**TASK GOAL**
The answer is the full listing below, copied exactly, with its pictures omitted.
[[ PROVIDED MATERIAL open ]]
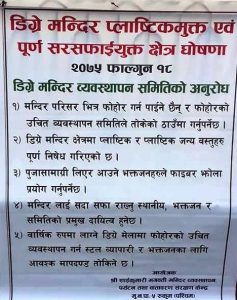 ‘डिग्रे मन्दिरमा प्लाष्टिक प्रतिवन्ध’
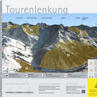 Im Valisertal gilt im Bereich der Wildruhezone von 01. November bis 30. April ein generelles Wegegebot. Skitouren und Variantenabfahrten in das Valiseratal sind somit bis auf Weiteres untersagt.
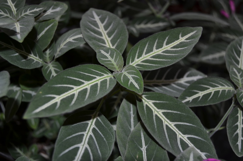 - vstřícné; vejčité až dlouze eliptické, 5-8 x 2-3,5 cm,líc olivově zelený až nafialovělý se stříbrně prokreslenou hlavní žilkou na listu; rub tmavě fialový;
[[ PROVIDED MATERIAL closed ]]
**TASK ANSWER**
 ‘डिग्रे मन्दिरमा प्लाष्टिक प्रतिवन्ध’
 Im Valisertal gilt im Bereich der Wildruhezone von 01. November bis 30. April ein generelles Wegegebot. Skitouren und Variantenabfahrten in das Valiseratal sind somit bis auf Weiteres untersagt.
 - vstřícné; vejčité až dlouze eliptické, 5-8 x 2-3,5 cm,líc olivově zelený až nafialovělý se stříbrně prokreslenou hlavní žilkou na listu; rub tmavě fialový;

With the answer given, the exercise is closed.